According to Bloomberg on Tuesday, not a single LNG carrier from Qatar has arrived at the Yongan Terminal at Kaohsiung Port in southern Taiwan since the Strait of Hormuz was blocked in March.
Taiwan imports approximately 96% of its energy, with LNG accounting for half of that. The semiconductor industry consumes 18% of the electricity generated from these energy sources. Despite Taiwan's economic stature, its fragile power infrastructure has led to blackouts and halted data center construction. Nuclear power plants that have ceased operations cannot be restarted until after 2028 due to public opposition. Mark Montgomery, a senior fellow at the Foundation for Defense of Democracies (FDD), noted that "the power grid has struggled to keep pace with 20 years of aggressive GDP growth."
The crisis is intensifying due to China's invasion threats against Taiwan.
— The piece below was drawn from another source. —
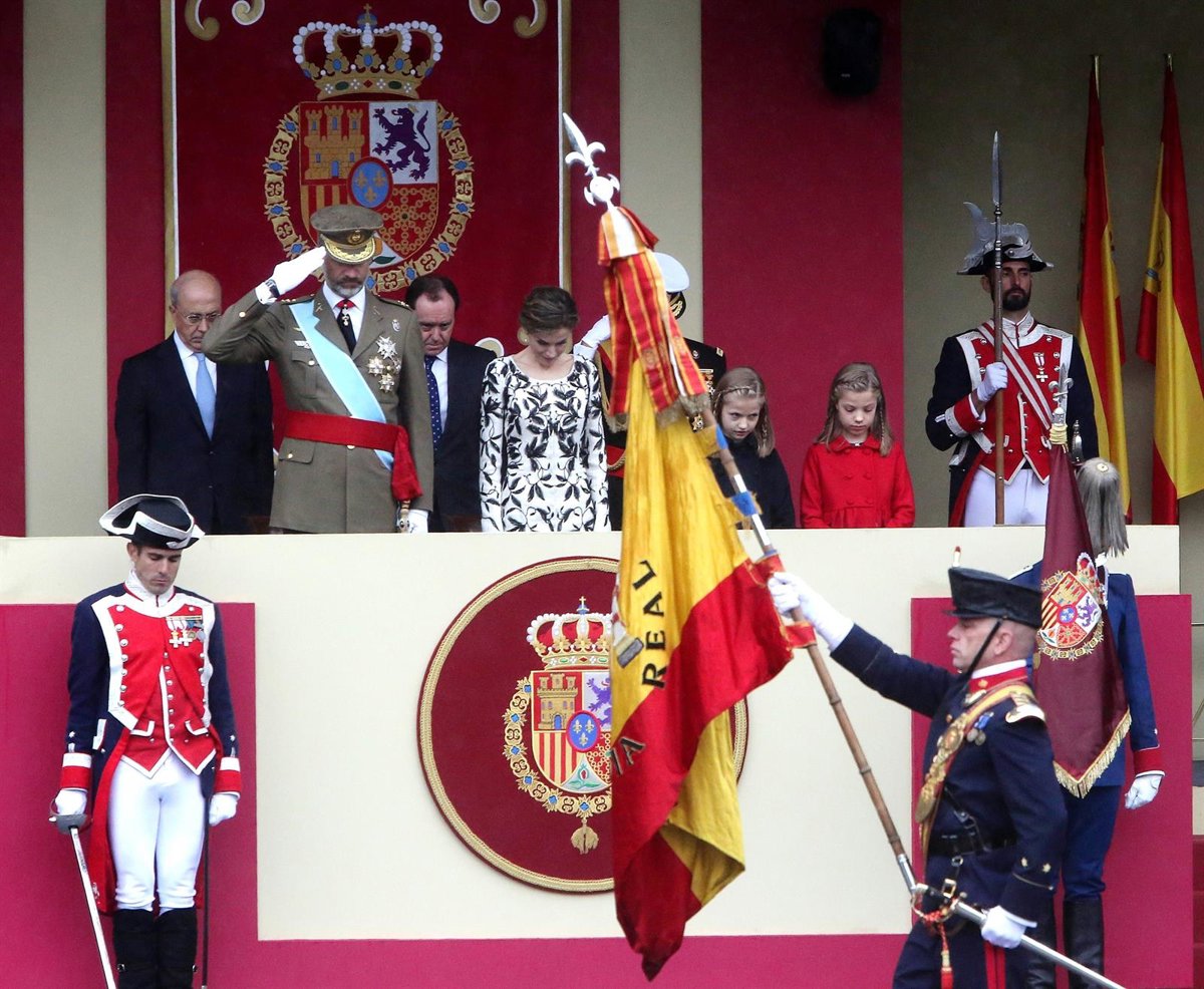 Los Reyes Felipe y Letizia han presidido este miércoles un desfile militar con motivo del Día de la Fiesta Nacional del 12 de octubre muy deslucido por la lluvia que ha estado cayendo, en ocasiones bastante fuerte, durante toda la mañana en Madrid.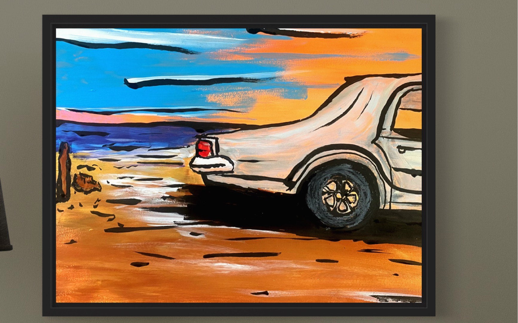Partly fluorescent sky, silver car with pink tinge, paired with Indian ink, the work will change personality based on lighting and time of day.

China could block the Taiwan Strait between Taiwan and the mainland, or the Bashi Channel between Taiwan and the Philippines. These two straits serve as supply routes for raw materials used in semiconductor chip manufacturing, as well as supply chains for Nvidia and Apple chips. Jennifer Welch, chief geoeconomics analyst at Bloomberg Economics, said, "If China blockades the straits around Taiwan, it will cut off not only energy but also semiconductor raw material supplies and finished chip exports." This concern is also why TSMC, Taiwan's flagship company, is building production facilities in Arizona, Kumamoto in Japan, and Dresden in Germany.
The Taiwanese government has responded by importing LNG from the United States instead of the Middle East. It has secured spot market volumes through July at prices twice as high as long-term contract rates. Taiwan also plans to increase the share of U.S.-sourced LNG to 25% by 2029. Taiwanese companies have signed preliminary agreements for the $44 billion (approximately 64 trillion won) Alaska LNG project as well.
However, some argue that the fundamental solution lies in energy independence. Elena Yi-Ching Ho, co-founder of Research Plus Action, said, "Taiwan should seize this crisis as a strategic opportunity to accelerate the transition to renewable energy."